When I asked Joe if he had ever meditated, he reacted strongly. “I suck at it. I can’t sit still for 30 minutes. I can’t clear my mind for more than a few seconds, without random thoughts creeping in. I don’t have that kind of time every day. Every minute is already allotted.”
Most of my executive development work requires my clients gain sufficient self-knowledge to understand how they may inadvertently and unconsciously sabotage their best efforts with making progress on their development goals. Much of my work with them has to do with unlearning (old habits), not just learning (new skills). I refer to this work as helping them reveal and release their hidden “foot on the brake”.
For this reason, I ask them if they would be willing to incorporate a mindfulness meditation practice into our work together. These clients are mostly driven, ambitious active people. Meditation feels like a boring waste of time to many of them.
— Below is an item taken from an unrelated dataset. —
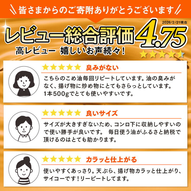 - 【ふるさと納税】【選べる本数】【国産】大人気!こめ油 500g | 有田マルシェ 油 こめ油 米油 揚げ物 天ぷら オイル 米 コメ油 築野食品 お米 こめ こめあぶら 500g 炒め物 揚げ物 ギフト 贈答 贈答用 お中元

That is because they misunderstand what meditation practice is and how it relates to a mindful orientation to experiencing what shows up in their lives.
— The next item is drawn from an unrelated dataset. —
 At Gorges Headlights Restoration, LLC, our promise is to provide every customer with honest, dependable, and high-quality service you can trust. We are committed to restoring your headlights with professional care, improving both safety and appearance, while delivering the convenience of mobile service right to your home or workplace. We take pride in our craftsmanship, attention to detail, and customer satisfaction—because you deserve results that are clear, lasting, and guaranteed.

First, mindfulness is the goal of meditation practice. Mindfulness is a particular orientation toward how we live our life. Being mindful is to be present in your body with whatever circumstance you find yourself in. To be mindful is to not think, but to fully sense the experience you are having, in the moment it is happening. To be mindful is to be constantly attentive to each micro-moment.
Like Joe, for many of us we believe being successful at meditating means having a clear mind. Having spent time as both student and teacher of meditation for over forty years, it is impossible to have a clear mind, devoid of random chaotic thoughts arising between our ears, on an ongoing basis. The goal of meditating is not, to never be distracted or disturbed, but rather when you become distracted or disturbed, the goal is to not be distracted and disturbed by those distractions and/or disturbances. They just are, neither good nor bad. Those distractions and disturbances (with practice) become like leaves floating on a slowly moving creek, while you sit on the bank allowing them to pass by without judgement. You learn over time not to invite those thoughts in for tea.
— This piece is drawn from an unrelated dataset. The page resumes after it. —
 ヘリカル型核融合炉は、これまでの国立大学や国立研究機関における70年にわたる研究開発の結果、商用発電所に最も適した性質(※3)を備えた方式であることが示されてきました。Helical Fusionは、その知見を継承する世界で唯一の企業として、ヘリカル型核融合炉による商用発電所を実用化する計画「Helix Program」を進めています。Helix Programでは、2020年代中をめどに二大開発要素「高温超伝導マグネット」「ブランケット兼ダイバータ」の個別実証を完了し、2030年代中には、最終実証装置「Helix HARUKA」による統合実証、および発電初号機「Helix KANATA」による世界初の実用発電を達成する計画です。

The goal of mindfulness meditation is freedom. The practice helps you develop a muscle that enables you to choose a response to a particular situation you find yourself in, rather than just reacting impulsively in a knee-jerk fashion to the situation. In the old days if my wife, in anger and frustration, called me a lazy or stupid so-and-so, I would have retaliated automatically with an even meaner insult. Today, I am more likely to notice what happens in my body, the tightness, the rising anger, and like leaves in the creek, watch that reaction come and go, and then choose a more useful response, if any, to her lash out at me. In the old days, escalation, with disturbance and distraction for hours or days. Today, a few minutes of yucky emotions and feelings, and then recovery.
My personal developmental goal is return to present. I am acknowledging that my mind will shift into the past or future, where thoughts and story live, and my job is to get it back to the present moment, without story, to allow a wise response to emerge from out of the story-less space.
So, Joe didn’t suck at meditating. He was mistaken about how to measure success. Again, success is not a clear mind, but rather to notice and recover from distractions and disturbances. Not to build those fearful thoughts into a story and react out of that story. Success is to come back to the present moment and patiently wait for your wise response to emerge.